*** DATA EXCERPTS Section Begins ***
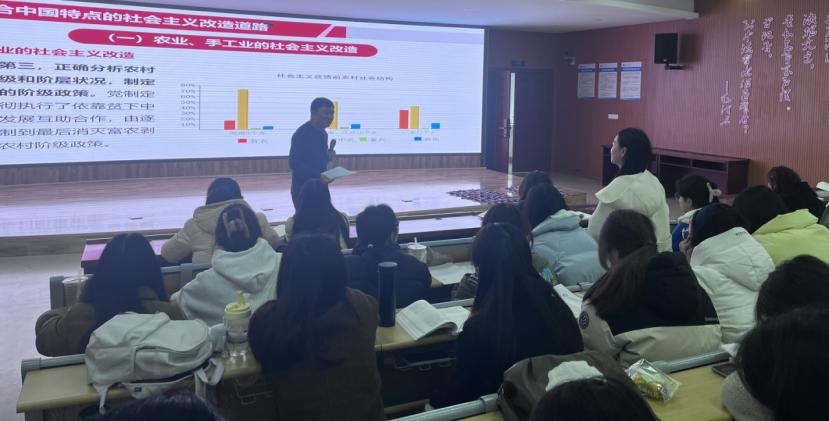 3月13日上午,刘源泉老师在2301教室为大家主讲了一堂《毛泽东思想和中国特色社会主义理论体系概论》课程公开课。刘老师以"适合中国特点的社会主义改造道路"为主题,通过沉浸式互动教学引导青年学生深刻理解中国共产党的历史主动精神。他首先通过“经典我来读”和“热点大家谈”两个环节激发学生的学习热情,导入本次课程的内容。然后,运用生动的案例、丰富的图表和详实的史料,讲述了农业、手工业和资本主义工商业改造的背景、政策、步骤和成果,引导学生从实践和理论两个层面分析政策背后的原因,并通过与学生互动交流的形式,辨析了易混概念,指导学生加深了对中国特色社会主义改造道路的理解。
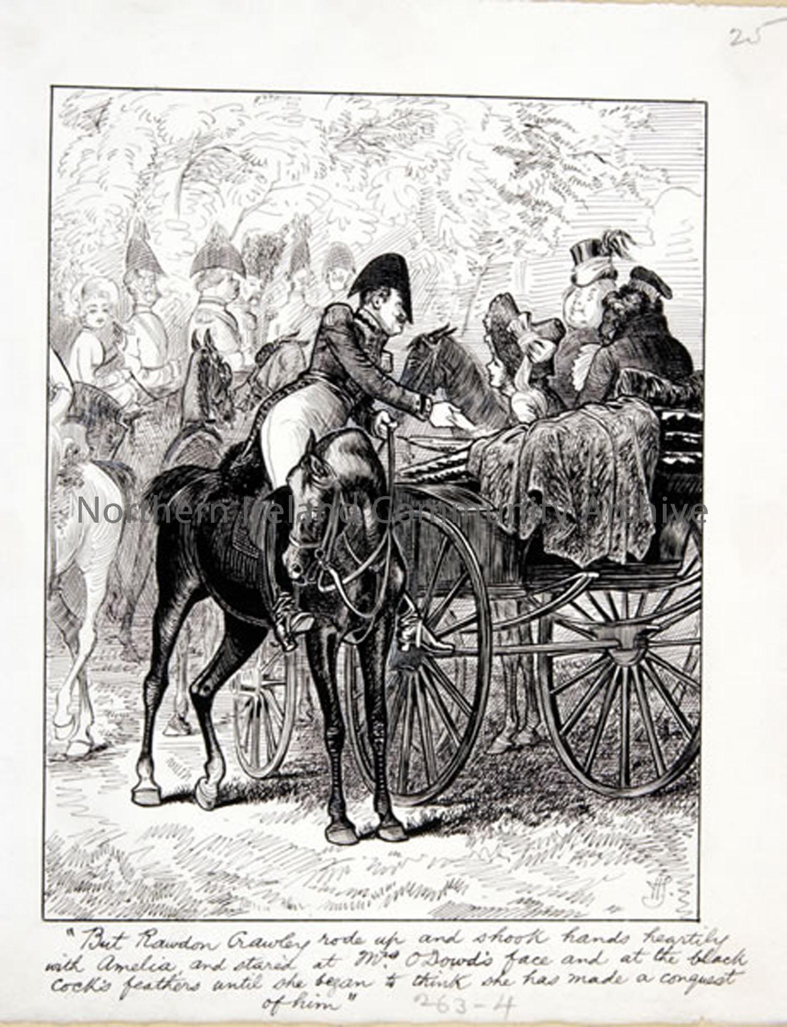 Pen and ink drawing by Hugh Thomson for Vanity Fair by William Makepeace Thackeray (6851)
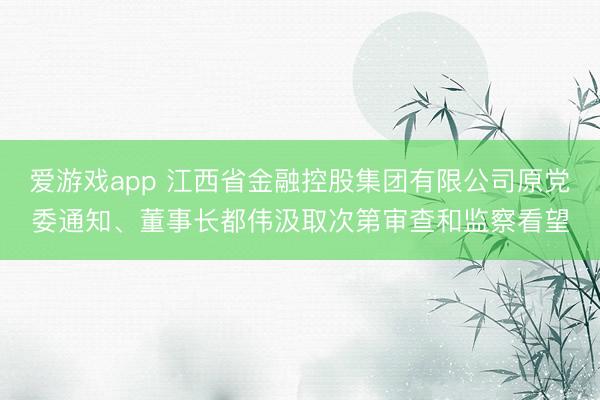 爱游戏app 江西省金融控股集团有限公司原党委通知、董事长都伟汲取次第审查和监察看望
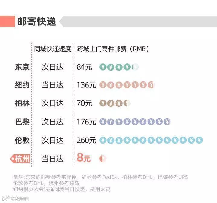 至于邮寄快递、外卖预订等服务,六座城市的便捷度总体相差不大,但是所需费用相差悬殊,其中同城快递、闪送等配套业务在五座国际城市中的水平远不及杭州。比如在纽约、柏林、巴黎,快递上门取件都需要额外支付服务费,并且在上门收取包裹并跨城快递的收费情况比较中,即使是价格最低的柏林,邮费折合也需要至少人民币70元。相比之下,杭州的快递费用仅为8元,几乎是柏林的十分之一。
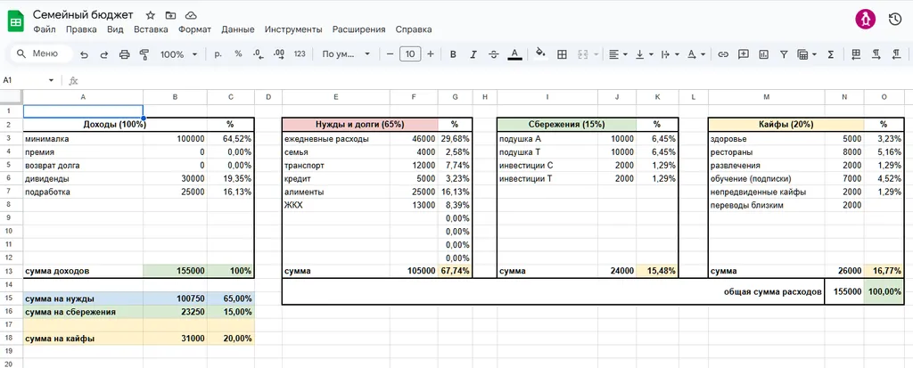 Таблица «Семейный бюджет» — это лучшее, что я делал со своей финансовой жизнью. Копируйте её себе, изменяйте под себя и наслаждайтесь собой.
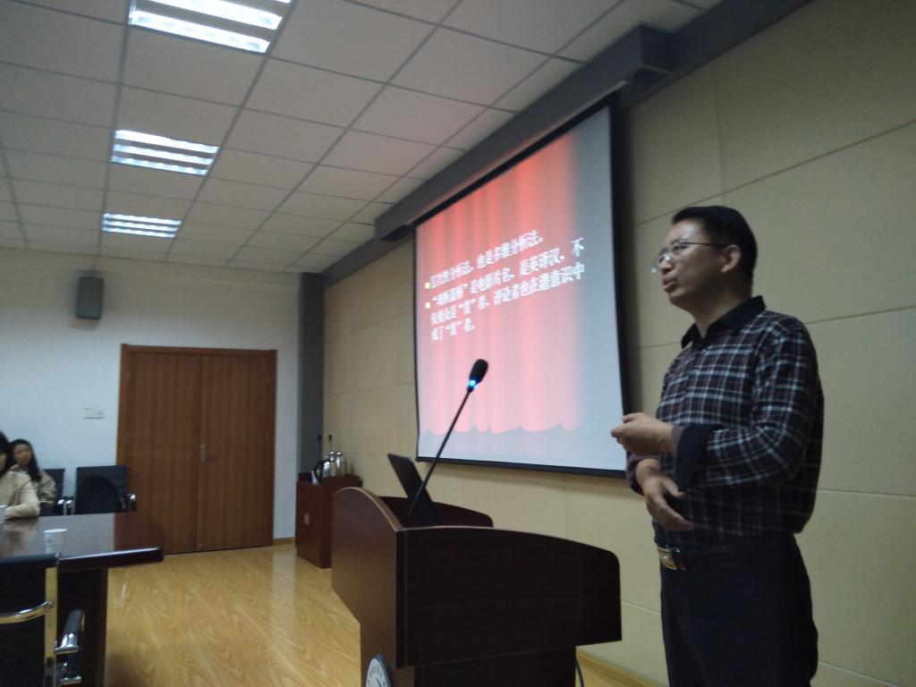 10月24日晚间,扬州大学周领顺教授做客2026世界杯官网研究生论坛,在外语楼517会议室做了题为《英译汉与汉译英的审美取向与翻译批评的公正性——以“魂断蓝桥”和I Did Not Kill My Husband的译名为例》的专题讲座。讲座由院长尹洪山主持,校翻译研究中心主任李玉良教授与部分教师和研究生参加。
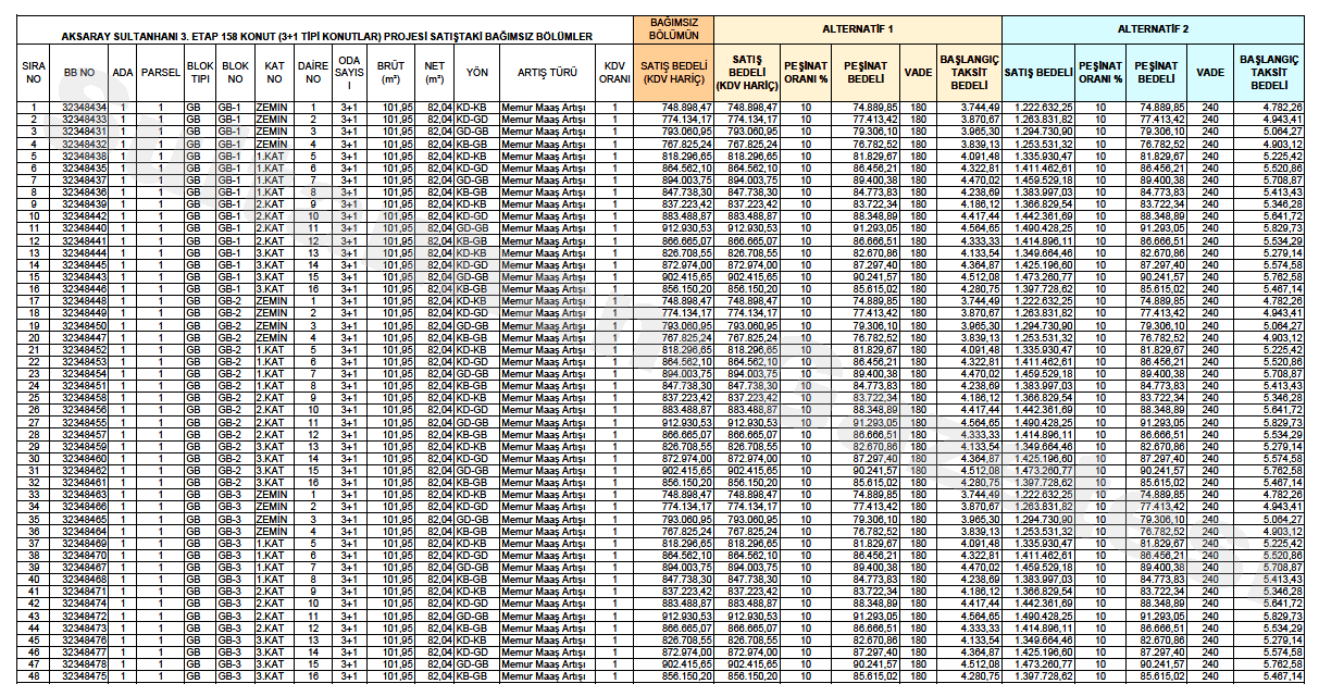 Sultanhanı ilçesinde Geçtiğimiz yıl Yapımına başlanan ve Tamamlanma Noktasına gelen Sultanhanı 3. Etap Toki Konutlarında Daire Fiyatları ve Ödeme Planı açıklandı. Sosyal Konut Projesi kapsamında yapılan Konutların Aylık Taksit Fiyatlarında ve ödeme Plannında 2 Ayrı Altarnatif sunuldu. Bu Tabloya göre 180 ve 240 ay vade şenekleri ile farklı ödeme planı sunulurken 2+1 Dairelerde Bazı Aylık Taksitler 4.883 Lirayı bulurken Bu Fiyatlar 3+1 de 5.829 Liraları gördü.
*** DATA EXCERPTS Section Ends ***
### WORK ITEM
Please copy, exactly as written, the lines from the one that contains "Pen and ink" through the end of the records, both ends included. Do not include the pictures.

### RESPONSE AREA
 Pen and ink drawing by Hugh Thomson for Vanity Fair by William Makepeace Thackeray (6851)
 爱游戏app 江西省金融控股集团有限公司原党委通知、董事长都伟汲取次第审查和监察看望
 至于邮寄快递、外卖预订等服务,六座城市的便捷度总体相差不大,但是所需费用相差悬殊,其中同城快递、闪送等配套业务在五座国际城市中的水平远不及杭州。比如在纽约、柏林、巴黎,快递上门取件都需要额外支付服务费,并且在上门收取包裹并跨城快递的收费情况比较中,即使是价格最低的柏林,邮费折合也需要至少人民币70元。相比之下,杭州的快递费用仅为8元,几乎是柏林的十分之一。
 Таблица «Семейный бюджет» — это лучшее, что я делал со своей финансовой жизнью. Копируйте её себе, изменяйте под себя и наслаждайтесь собой.
 10月24日晚间,扬州大学周领顺教授做客2026世界杯官网研究生论坛,在外语楼517会议室做了题为《英译汉与汉译英的审美取向与翻译批评的公正性——以“魂断蓝桥”和I Did Not Kill My Husband的译名为例》的专题讲座。讲座由院长尹洪山主持,校翻译研究中心主任李玉良教授与部分教师和研究生参加。
 Sultanhanı ilçesinde Geçtiğimiz yıl Yapımına başlanan ve Tamamlanma Noktasına gelen Sultanhanı 3. Etap Toki Konutlarında Daire Fiyatları ve Ödeme Planı açıklandı. Sosyal Konut Projesi kapsamında yapılan Konutların Aylık Taksit Fiyatlarında ve ödeme Plannında 2 Ayrı Altarnatif sunuldu. Bu Tabloya göre 180 ve 240 ay vade şenekleri ile farklı ödeme planı sunulurken 2+1 Dairelerde Bazı Aylık Taksitler 4.883 Lirayı bulurken Bu Fiyatlar 3+1 de 5.829 Liraları gördü.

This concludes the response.